→ **WHAT IS NEEDED**:
Using the records that follow, reproduce exactly the lines starting at the line containing "kindly ask for" and ending at the line containing "Ампулярия и 2". Include both end lines and no pictures.

═══ GIVEN RECORDS

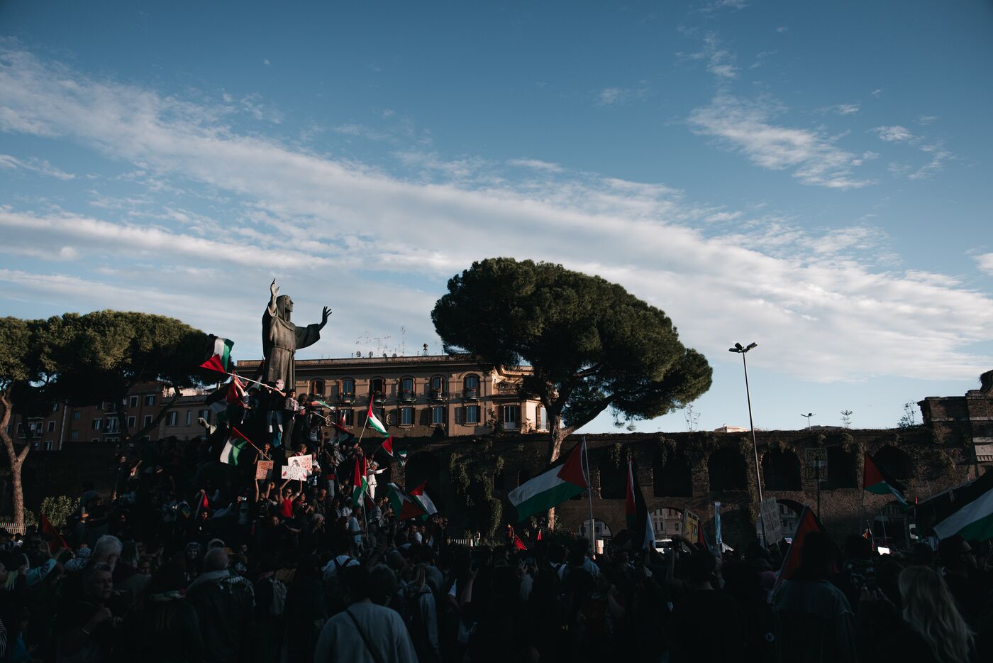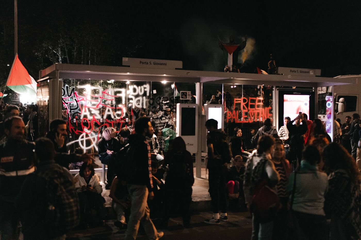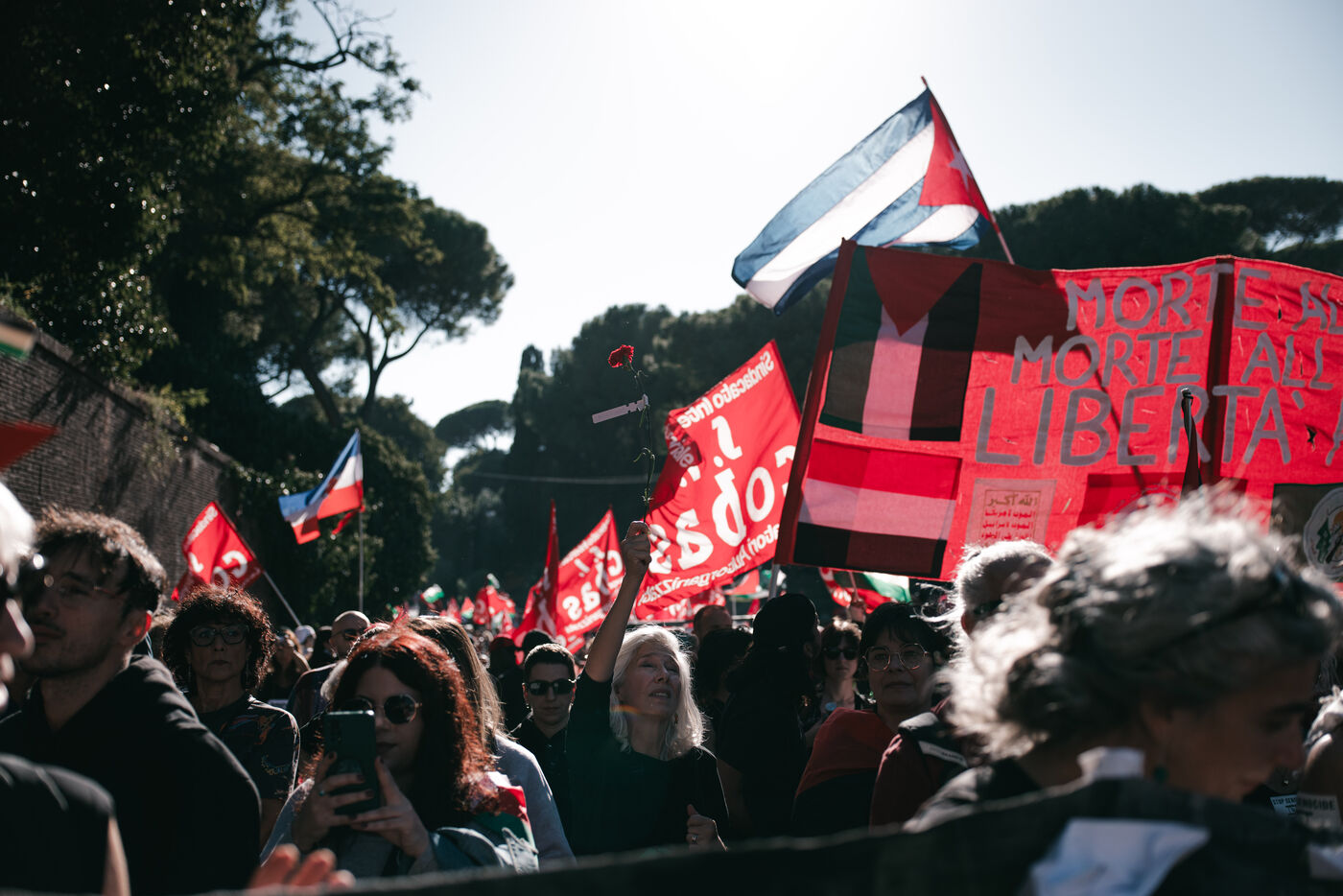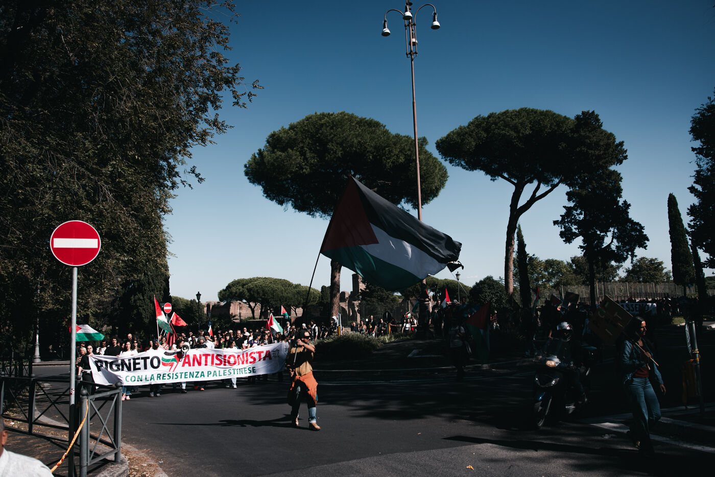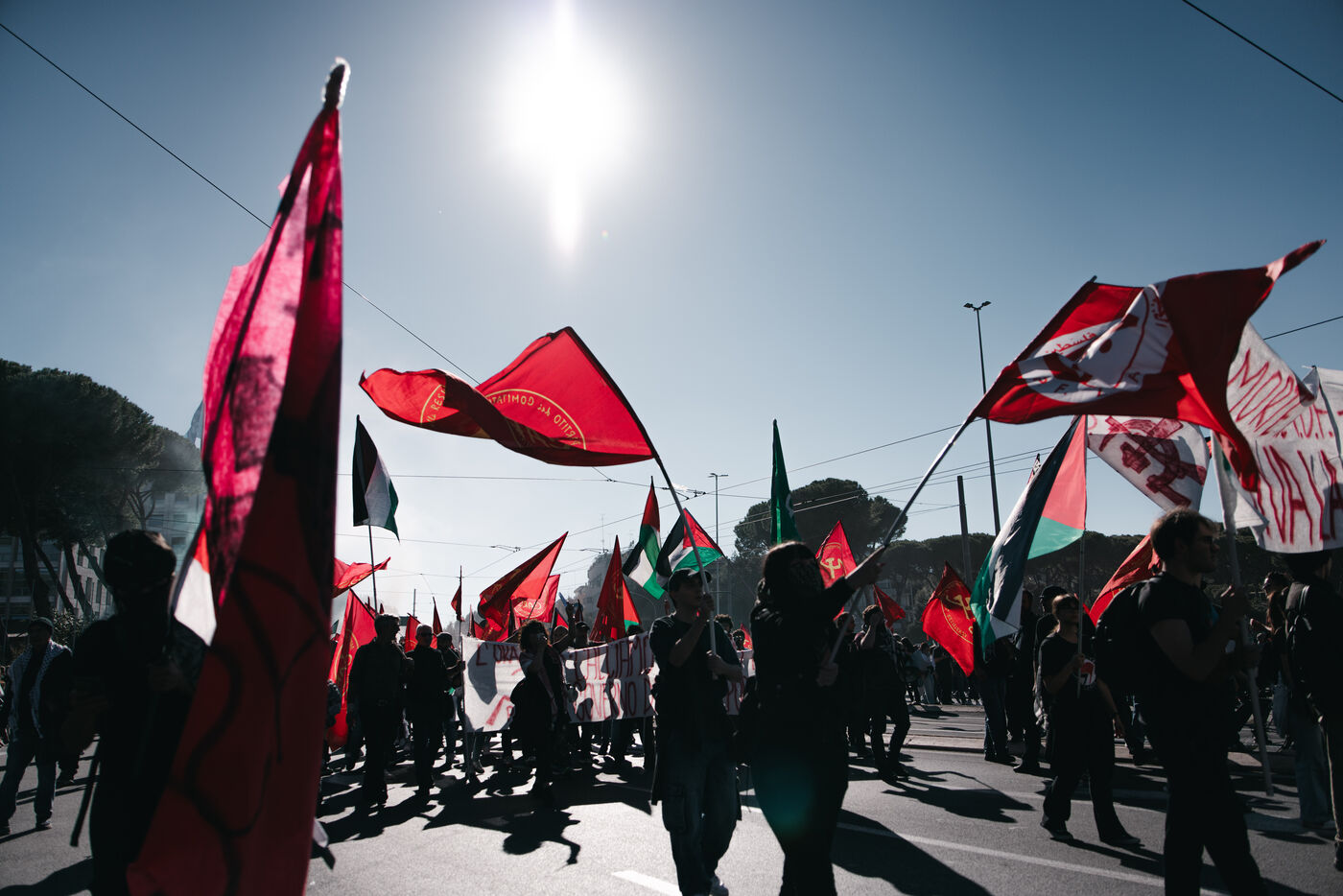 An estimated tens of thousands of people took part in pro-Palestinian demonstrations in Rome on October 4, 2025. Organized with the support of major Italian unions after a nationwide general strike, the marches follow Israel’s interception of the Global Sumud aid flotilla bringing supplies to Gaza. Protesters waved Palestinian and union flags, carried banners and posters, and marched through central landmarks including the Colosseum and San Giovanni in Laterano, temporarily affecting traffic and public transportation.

══════
═══ GIVEN RECORDS

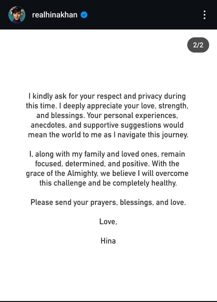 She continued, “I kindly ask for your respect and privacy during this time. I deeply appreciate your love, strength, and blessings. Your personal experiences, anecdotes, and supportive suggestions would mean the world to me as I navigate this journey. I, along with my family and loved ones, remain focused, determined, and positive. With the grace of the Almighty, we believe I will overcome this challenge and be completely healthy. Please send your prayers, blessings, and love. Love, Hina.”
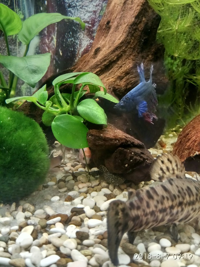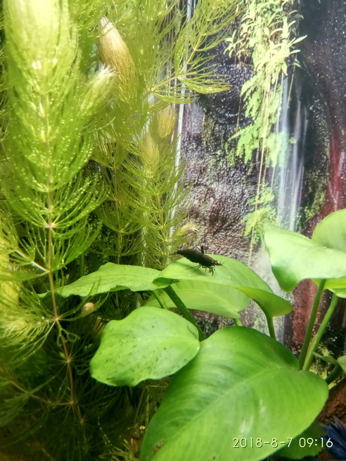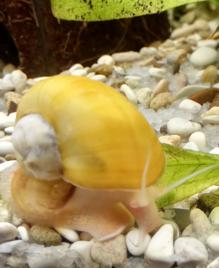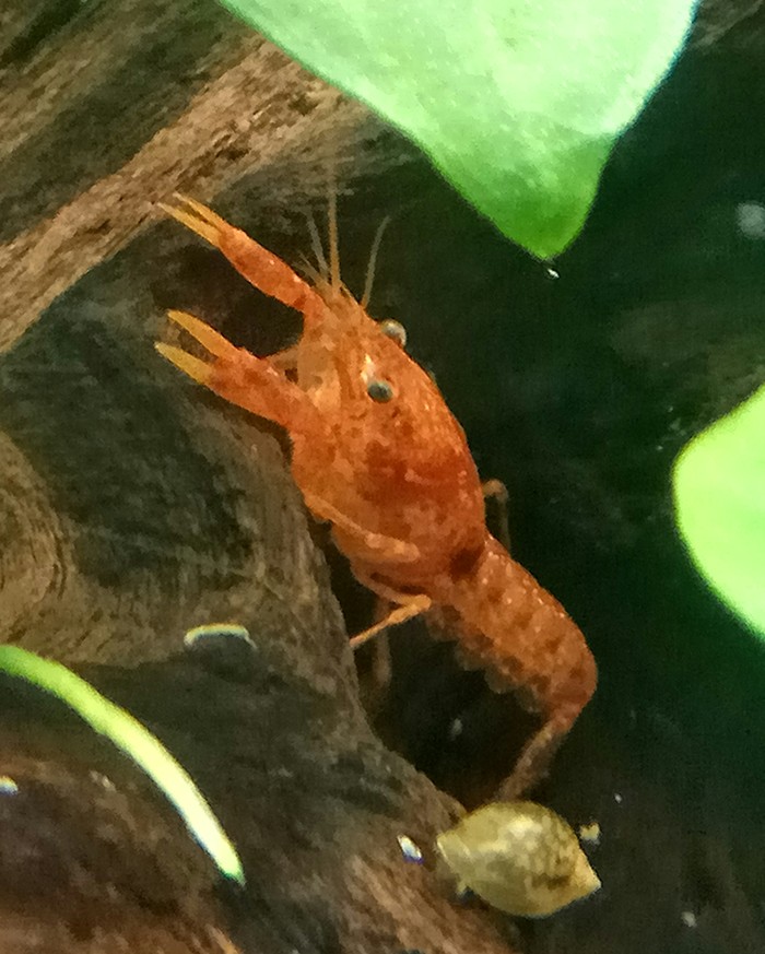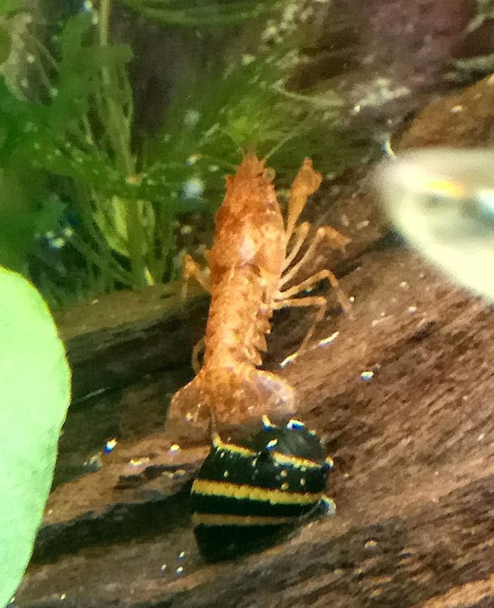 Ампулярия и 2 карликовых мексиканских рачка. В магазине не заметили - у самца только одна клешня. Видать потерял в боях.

══════

→ **RESPONSE BOX**:
 She continued, “I kindly ask for your respect and privacy during this time. I deeply appreciate your love, strength, and blessings. Your personal experiences, anecdotes, and supportive suggestions would mean the world to me as I navigate this journey. I, along with my family and loved ones, remain focused, determined, and positive. With the grace of the Almighty, we believe I will overcome this challenge and be completely healthy. Please send your prayers, blessings, and love. Love, Hina.”
 Ампулярия и 2 карликовых мексиканских рачка. В магазине не заметили - у самца только одна клешня. Видать потерял в боях.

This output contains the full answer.